All pictures are to be omitted while the lines starting at the line with "[100%真丝]DVFPOLO领中长款桑蚕丝裹身连衣裙DW4R015" and ending at the line with "창원의료법인 자은의료재단 덕산요양병원" in the material below are retyped exactly, both ends included.

**Data provided:**
• • • •
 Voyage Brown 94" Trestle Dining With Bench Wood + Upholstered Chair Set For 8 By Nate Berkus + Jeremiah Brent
• • • •
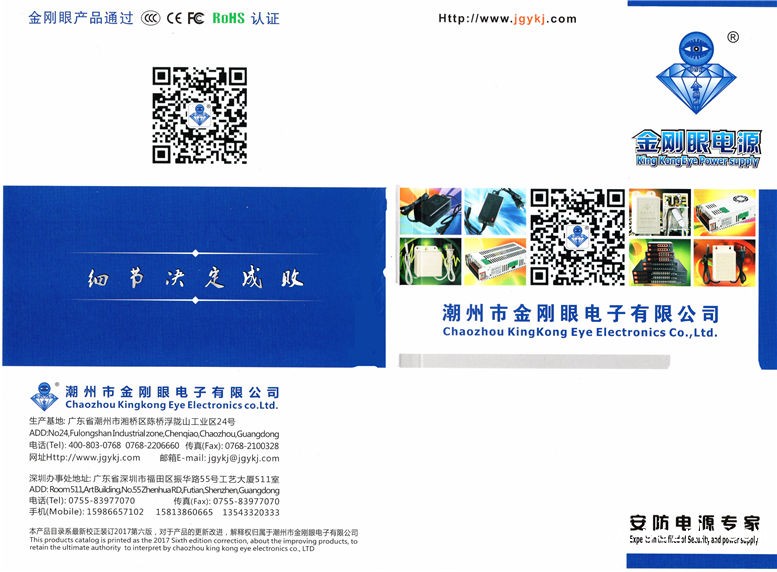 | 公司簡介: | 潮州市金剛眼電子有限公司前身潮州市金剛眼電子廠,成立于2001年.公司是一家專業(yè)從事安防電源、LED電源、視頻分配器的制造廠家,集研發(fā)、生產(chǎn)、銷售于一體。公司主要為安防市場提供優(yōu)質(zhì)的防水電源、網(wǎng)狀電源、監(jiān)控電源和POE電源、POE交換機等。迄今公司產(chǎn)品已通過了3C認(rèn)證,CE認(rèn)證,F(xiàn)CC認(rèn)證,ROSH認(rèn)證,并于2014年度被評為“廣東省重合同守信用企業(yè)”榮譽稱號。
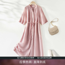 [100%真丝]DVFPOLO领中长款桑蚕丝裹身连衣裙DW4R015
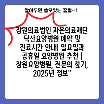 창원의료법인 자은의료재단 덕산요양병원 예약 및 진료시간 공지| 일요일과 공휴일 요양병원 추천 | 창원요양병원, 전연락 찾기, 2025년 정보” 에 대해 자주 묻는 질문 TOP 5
• • • •
**Response area:**
 [100%真丝]DVFPOLO领中长款桑蚕丝裹身连衣裙DW4R015
 창원의료법인 자은의료재단 덕산요양병원 예약 및 진료시간 공지| 일요일과 공휴일 요양병원 추천 | 창원요양병원, 전연락 찾기, 2025년 정보” 에 대해 자주 묻는 질문 TOP 5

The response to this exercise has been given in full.